■ DATASET EXTRACT ■
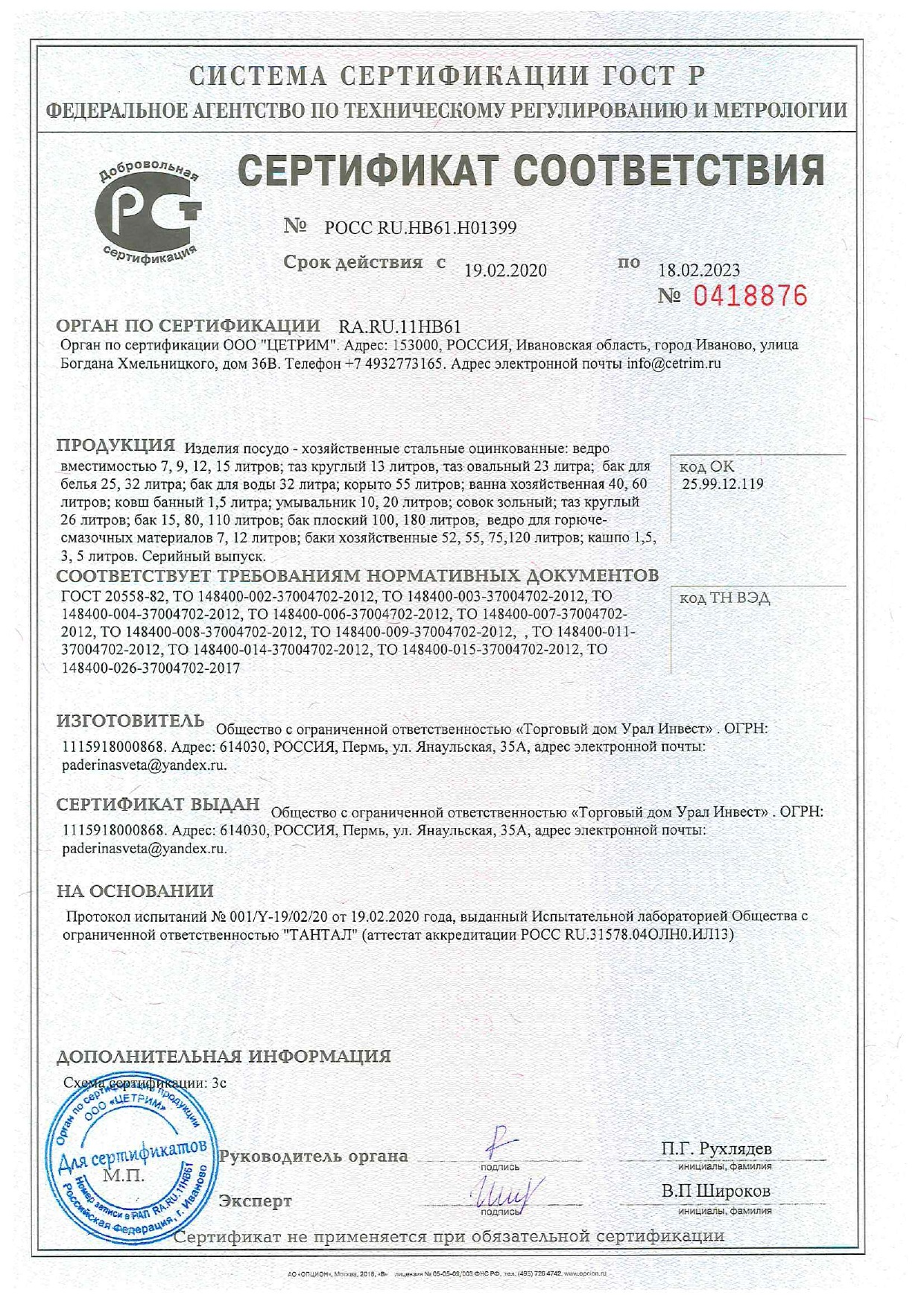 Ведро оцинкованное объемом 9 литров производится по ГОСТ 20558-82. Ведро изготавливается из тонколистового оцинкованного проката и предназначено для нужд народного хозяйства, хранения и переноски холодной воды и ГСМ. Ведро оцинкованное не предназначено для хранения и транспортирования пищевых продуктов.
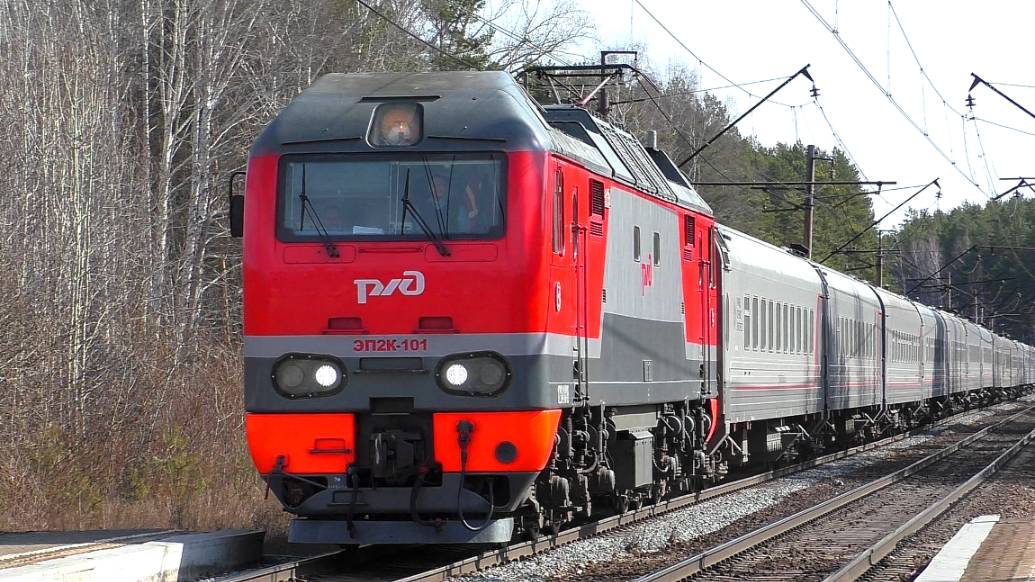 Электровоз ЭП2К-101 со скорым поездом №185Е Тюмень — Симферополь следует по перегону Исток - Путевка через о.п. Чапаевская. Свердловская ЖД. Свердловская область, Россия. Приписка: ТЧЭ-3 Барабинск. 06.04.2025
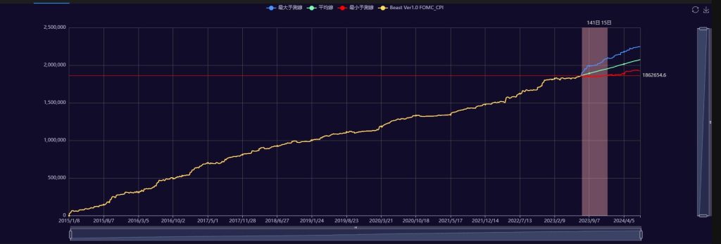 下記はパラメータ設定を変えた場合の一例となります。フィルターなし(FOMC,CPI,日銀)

■ WORK TO COMPLETE ■
Go through the listing and restate each line word for word, leaving out the pictures.

■ RESULT FOR THIS TASK ■
 Ведро оцинкованное объемом 9 литров производится по ГОСТ 20558-82. Ведро изготавливается из тонколистового оцинкованного проката и предназначено для нужд народного хозяйства, хранения и переноски холодной воды и ГСМ. Ведро оцинкованное не предназначено для хранения и транспортирования пищевых продуктов.
 Электровоз ЭП2К-101 со скорым поездом №185Е Тюмень — Симферополь следует по перегону Исток - Путевка через о.п. Чапаевская. Свердловская ЖД. Свердловская область, Россия. Приписка: ТЧЭ-3 Барабинск. 06.04.2025
 下記はパラメータ設定を変えた場合の一例となります。フィルターなし(FOMC,CPI,日銀)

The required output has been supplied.